This chapter examines whether and how the entry of foreign multinational firms affects productivity growth of domestically owned firms, using Japanese firm-level data. The data are taken from a comprehensive annual survey conducted by the Japanese government on firms in manufacturing, wholesale, retail, information services, business services, and other service industries. The results of the analysis suggest that foreign multinationals perform better than domestically owned firms in many sectors. Moreover, once firm-specific fixed effects are controlled for, the presence of foreign firms in an industry tends to negatively affect the productivity growth rate of domestically owned firms in that industry. However, firms that are catching up toward the productivity frontier enjoy positive foreign direct investment spillovers, implying that foreign entry accelerates productivity catch-up.

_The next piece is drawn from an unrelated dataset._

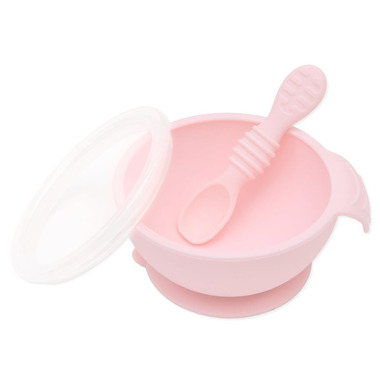 Bumkins Silicone First Feeding Set with Lid & Spoon Pink

This chapter is a modified and updated version of the author’s previous papers (Ito 2011, 2012), which are based on the results of research conducted as part of the project entitled “Research on Productivity Growth in Service Sector (sic)” for the Research Institute of Economy, Trade, and Industry (RIETI). The author is grateful for the helpful comments and suggestions made by Hyeog Ug Kwon, Yasuyuki Todo, Noor Aini Khalifah, participants at the 12th International Convention of the East Asian Economic Association, and seminar participants at RIETI. In addition, financial support from the Japan Society for the Promotion of Science (KAKENHI Nos. 19683003, 23683003) is gratefully acknowledged.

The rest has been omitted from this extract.